Paper:
Simultaneous Execution of Dereverberation, Denoising, and Speaker Separation Using a Neural Beamformer for Adapting Robots to Real Environments
Daichi Nagano and Kazuo Nakazawa
Faculty of Science and Technology, Keio University
3-14-1 Hiyoshi, Kohoku-ku, Yokohama, Kanagawa 223-8522, Japan
It remains challenging for robots to accurately perform sound source localization and speech recognition in a real environment with reverberation, noise, and the voices of multiple speakers. Accordingly, we propose “U-TasNet-Beam,” a speech extraction method for extracting only the target speaker’s voice from all ambient sounds in a real environment.
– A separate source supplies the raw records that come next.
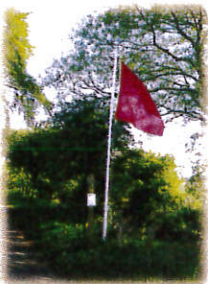
Red flag indicates firing on the range

The track continues, sometimes through mud, sometimes on a hard surface, until it reaches the Berwick Hill road. Turn L on road and walk on R-hand verge facing the oncoming traffic past East Farm on the R into Berwick Hill. At the next houses on R there is a BVV signed for Berwick Hill Low House. Follow this grassy track with hawthorns on either side at first until it goes through a wicket onto a cultivated field. TL along the field edge and at the next field boundary TR and walk down the field with the hedge on your R to Berwick Hill Low House. Follow this grassy track with hawthorns on either side at first until it goes through a wicket onto a cultivated field. TL along the field edge and at the next field boundary TR and walk down the field with the hedge on your R to Berwick Hill Low House. Cross the stile and follow arrows to drop down to the Pont. There are well spaced stepping stones to cross the river and then TL and up to the next farm, South Carter Moor.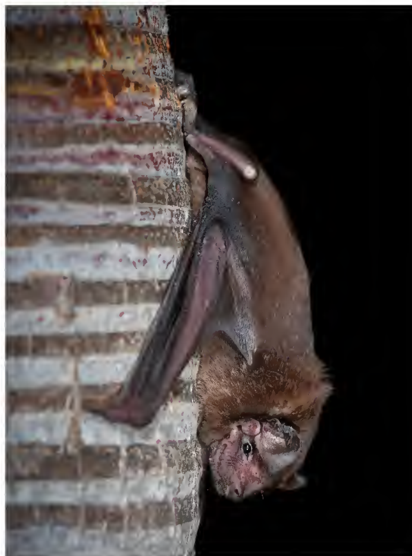
Figure 7. Photograph of Molossus molossus from swimming pool of the Kings Well Resort on the island of St. Eustatius. Note the short, rounded ears, nearly naked face, and chestnut-black coloration characteristic of this species. The tail that is free beyond the edge of the uropotagium, characteristic of all bats of the family Molossidae, is difficult to see between the feet of this individual.

Remarks. —This common “house bat” is widely distributed throughout the archipelago and was expected on St. Eustatius (Fig. 7). Koopman (1968) first reported specimens of this species from St. Eustatius without reference to specific specimens or localities. Husson (1962) restricted the type locality of M. molossus to the island of Martinique, which led Dolan (1989) based on morphometrics to apply the name M. m. molossus to this species throughout the Lesser Antilles. Lindsey and Ammerman (2016) included specimens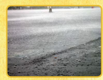
Hard, impervious surfaces channel rain and snow into water bodies. This runoff can carry high amounts of nutrients and other pollutants.

As rainwater runs across sidewalks, driveways, and roads, it picks up sediments, nutrients (phosphorus and nitrogen), and other contaminants, such as petroleum and residues. It then makes its way through ditches or storm drains into local waterways—'roads to rivers.'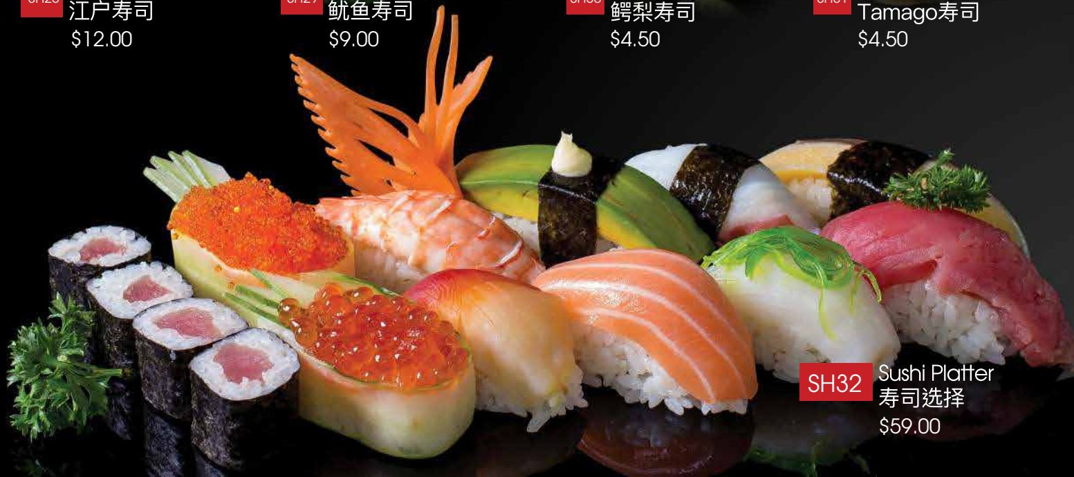
SH32 Sushi Platter 寿司选择 $59.00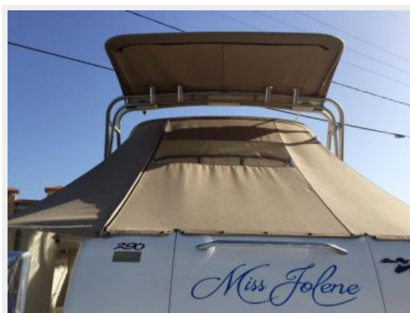
Like New Canvas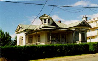
Name: Sullivan Residence Location: 673 Selby Street Date: Circa 1892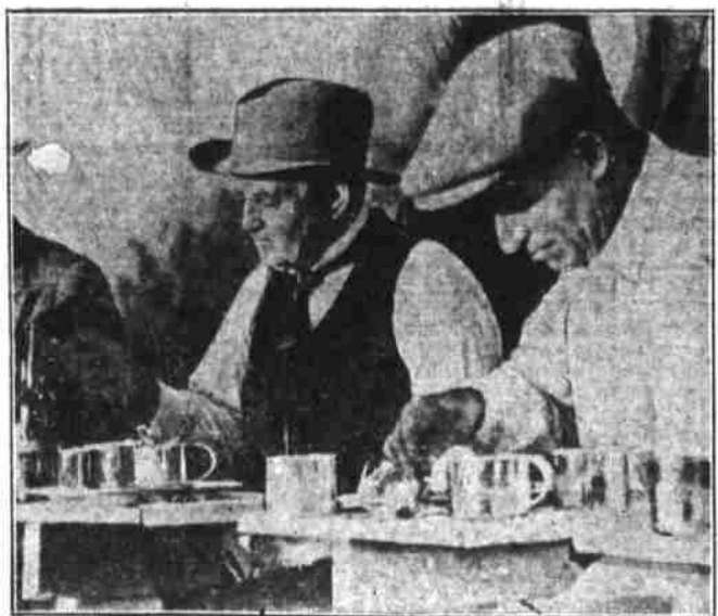
Vice-President John Garner (left) and Will Rogers, actor-humorist, live up to their reputations as rugged southwesterners as they tackle a meal of barbecued goat and Mexican beans...

News Behind The News THE NATIONAL Whirligig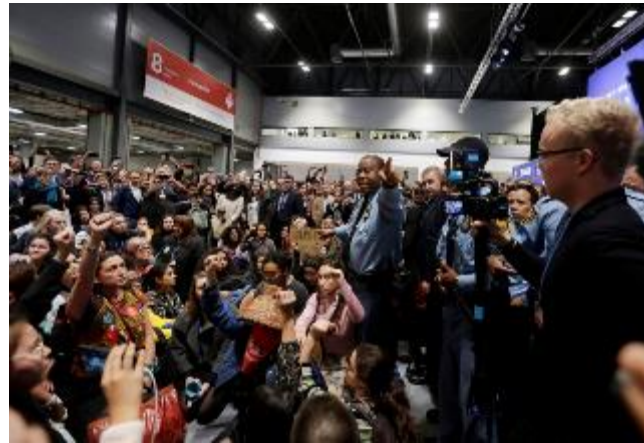
Negotiation nationalobserver.com 15/12/19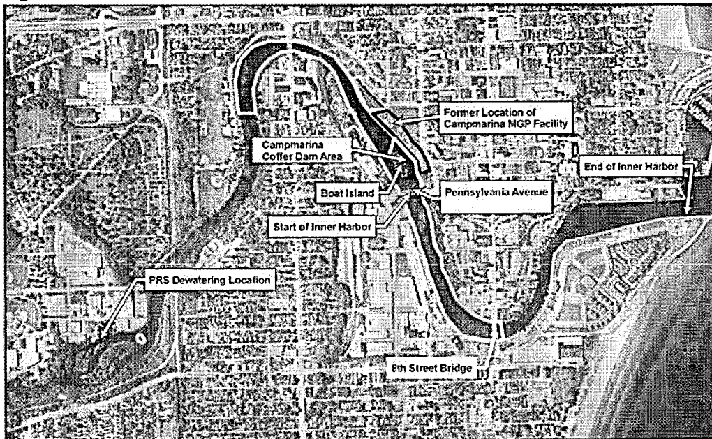
Figure 1 – Site Location

The WPSC Campmarina MGP Site is located at 732 North Water Street, Sheboygan, Sheboygan County, Wisconsin. The geographical coordinates of the Site are 43.7525140 North latitude and -87.7182090 West longitude. The Site consists of two operable units: the Upland OU and the River OU. The Upland OU encompasses an area of approximately 2.3 acres adjacent to the Sheboygan River (see Figure 1), approximately 1 mile west of Lake Michigan, and has undergone remediation under state authorities. The River OU is located immediately adjacent to the Upland OU and is approximately 4.5 acres in size (Figure 1). The River OU extends 80 feet upstream of the former northern property boundary, as much as 200 feet outward from the shoreline, and about 1,000 feet downstream of the former southern property line. The River OU is located within the limits of the larger Sheboygan River and Harbor Superfund Site, which is contaminated with polychlorinated biphenyls (PCBs). The WPSC Campmarina MGP Site is not listed on the Superfund National Priorities List but is being addressed using the Superfund Alternative Approach.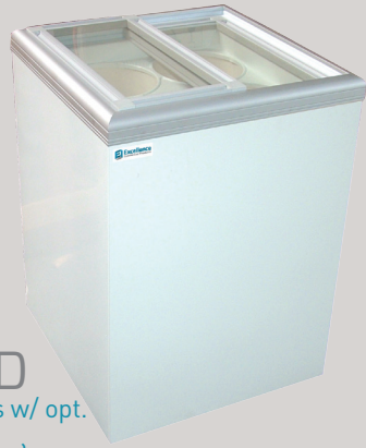
ISL 5D (Glass lids w/ opt. can holders)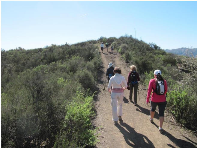
Whitehorse Canyon (WHC) Trail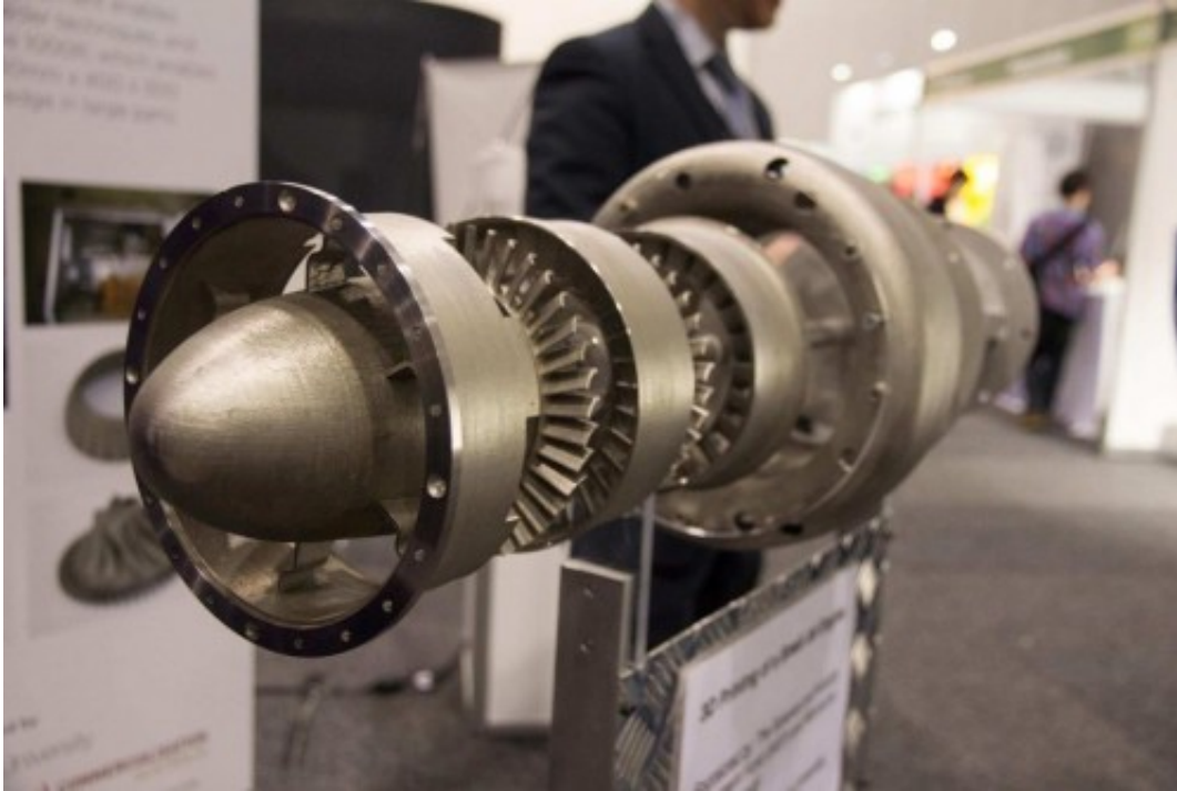
The 3D printed jet engine on display.

Monash University researchers along with collaborators from CSIRO and Deakin University have printed a jet engine. In fact Monash and their spin-out company Amaero, have printed two engines. One is on display this week at the International Air Show in Avalon, while the second is displayed in Toulouse at the French aerospace company Microturbo (Safran).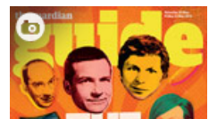
The Guide cover 25 May 2013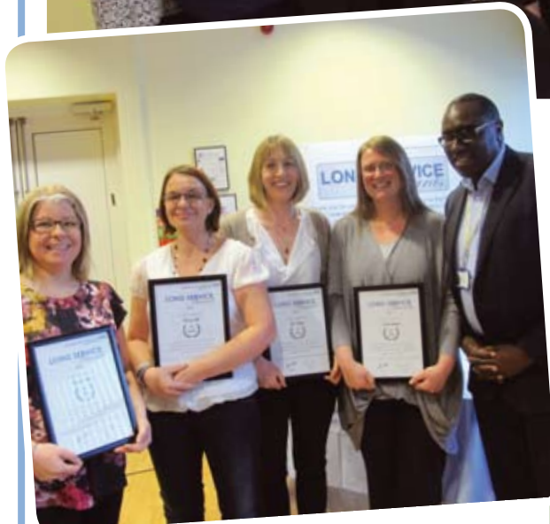
Above: the cardiology team

U-TasNet-Beam is a neural beamformer comprising three elements: a neural network for removing reverberation and noise, a second neural network for separating the voices of multiple speakers, and a minimum variance distortionless response (MVDR) beamformer. Experiments with simulated data and recorded data show that the proposed U-TasNet-Beam can improve the accuracy of sound source localization and speech recognition in robots compared to the conventional methods in a noisy, reverberant, and multi-speaker environment. In addition, we propose the spatial correlation matrix loss (SCM loss) as a loss function for the neural network learning the spatial information of the sound. By using the SCM loss, we can improve the speech extraction performance of the neural beamformer.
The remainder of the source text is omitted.